• YOUR TASK: Copy out exactly the stretch of the listing below that begins at the line containing "कोटा के अस्पतालों" and ends at the line containing "अस्पतालों में स्थापित", and copy nothing outside it.

• INFORMATION:
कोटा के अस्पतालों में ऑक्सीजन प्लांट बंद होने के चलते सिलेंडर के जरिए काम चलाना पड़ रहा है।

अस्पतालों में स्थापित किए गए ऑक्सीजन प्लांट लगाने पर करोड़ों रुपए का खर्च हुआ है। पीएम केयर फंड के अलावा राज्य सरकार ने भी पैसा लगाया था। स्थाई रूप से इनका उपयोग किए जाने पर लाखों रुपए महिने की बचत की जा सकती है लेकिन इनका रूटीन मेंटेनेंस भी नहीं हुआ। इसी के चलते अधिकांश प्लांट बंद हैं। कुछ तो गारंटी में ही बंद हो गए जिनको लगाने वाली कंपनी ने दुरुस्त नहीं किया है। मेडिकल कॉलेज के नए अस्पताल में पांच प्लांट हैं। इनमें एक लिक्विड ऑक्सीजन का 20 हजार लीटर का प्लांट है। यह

* * *

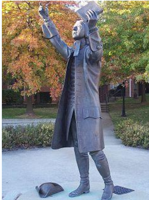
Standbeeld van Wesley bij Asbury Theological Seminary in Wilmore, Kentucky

...

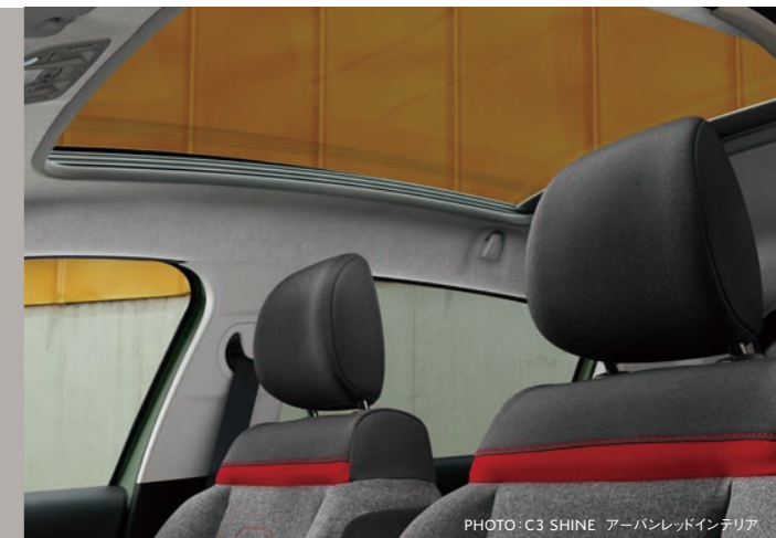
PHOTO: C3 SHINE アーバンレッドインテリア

• SOLUTION:
कोटा के अस्पतालों में ऑक्सीजन प्लांट बंद होने के चलते सिलेंडर के जरिए काम चलाना पड़ रहा है।

अस्पतालों में स्थापित किए गए ऑक्सीजन प्लांट लगाने पर करोड़ों रुपए का खर्च हुआ है। पीएम केयर फंड के अलावा राज्य सरकार ने भी पैसा लगाया था। स्थाई रूप से इनका उपयोग किए जाने पर लाखों रुपए महिने की बचत की जा सकती है लेकिन इनका रूटीन मेंटेनेंस भी नहीं हुआ। इसी के चलते अधिकांश प्लांट बंद हैं। कुछ तो गारंटी में ही बंद हो गए जिनको लगाने वाली कंपनी ने दुरुस्त नहीं किया है। मेडिकल कॉलेज के नए अस्पताल में पांच प्लांट हैं। इनमें एक लिक्विड ऑक्सीजन का 20 हजार लीटर का प्लांट है। यह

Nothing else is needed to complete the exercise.